Der Fall sucht bundesweit seinesgleichen. Und das nicht nur wegen eines etwaigen ausländerfeindlichen Hintergrunds. Bisher sind hierzulande keine tödlichen Attacken auf Menschen mit einer gasbetriebenen Pfefferpistole aktenkundig.

Die rechtliche Lage ist so komplex wie die Nachforschungen zu dem Fall. Der tödliche Eklat nimmt am 27. März gegen 11.20 Uhr seinen Lauf. Alexander B. richtet die Alarmanlage bei seinen Eltern in der Hüttenstraße ein. In den Tagen zuvor hatte ein Unbekannter die Reifen von fast 20 Autos zerstochen, den Lack zerkratzt und in einem Fall ein Hakenkreuz eingeritzt.

Als sein Widersacher Bilal A. auftaucht, entspinnt sich schnell ein heftiger Wortwechsel, der Streit eskaliert.

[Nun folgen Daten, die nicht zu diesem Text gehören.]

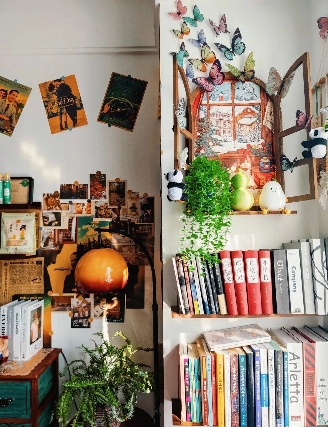 飘窗侧墙的布置也是一样,安装了置物书架,上方还安装了一个假窗框,下沿可以摆放常春藤、葫芦、小熊猫、蝴蝶等摆件,太萌了。
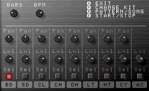 パターンモードでは選択したひとつのパターンを繰り返し演奏することができ、ソングモードではパターンを32小節まで自由に並べ、曲として演奏することができます。
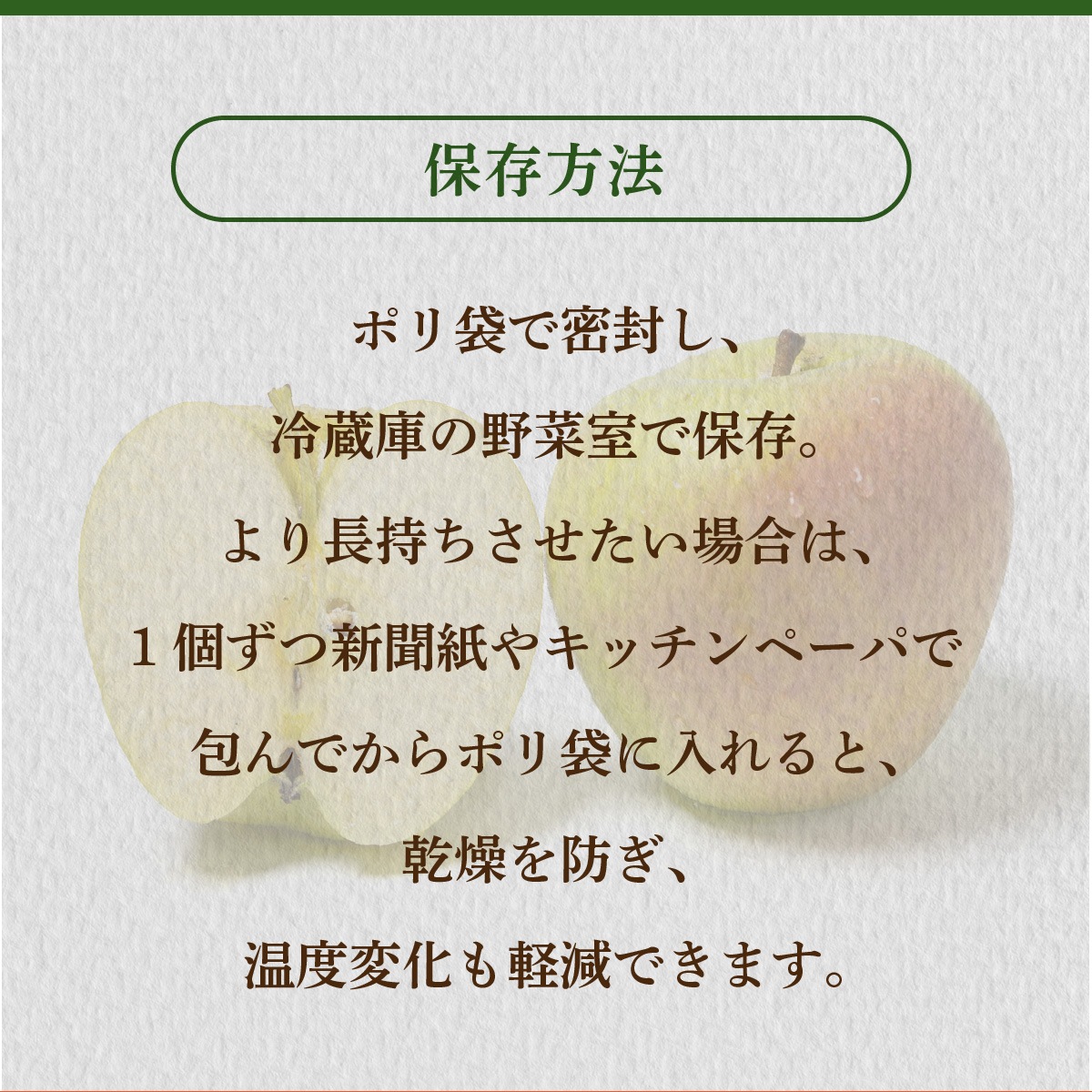 ポリ袋で密封し、冷蔵庫の野菜室で保存。 より長持ちさせたい場合は、1個ずつ新聞紙やキッチンペーパで包んでからポリ袋に入れると、乾燥を防ぎ、温度変化も軽減できます。

Alexander B. hastet zu seinem Wagen, sein Widersacher folgt ihm und schlägt durch das offene Fenster auf ihn ein. B. greift zu seiner Pfefferpistole und schießt dem Angreifer einen Strahl Chili-Reizstoff gegen die Brust. Der so Getroffene taumelt zurück. Alexander B. steigt aus seinem Wagen, erneut geraten die Kontrahenten aneinander. Aus nächster Nähe zielt B. auf das Gesicht seines Gegners und drückt ab. Der Schuss zerfetzt dessen Auge. Das Opfer stirbt fünf Tage später an schweren Hirnverletzungen.

Wen trifft die Schuld in diesem Fall?

Augenzeugen wie dessen Schwester werden später von einer gezielten Attacke auf Bilal A. sprechen. Der Schütze beteuert indes, er habe geglaubt, sein Gegenüber würde ein Messer zücken. Seit Wochen kursierten in der Straße Gerüchte darüber, dass Bilal A. womöglich bewaffnet sei. Eine nächtliche Polizeistreife hatten den 30-Jährigen eines Nachts mit zwei Messer angetroffen.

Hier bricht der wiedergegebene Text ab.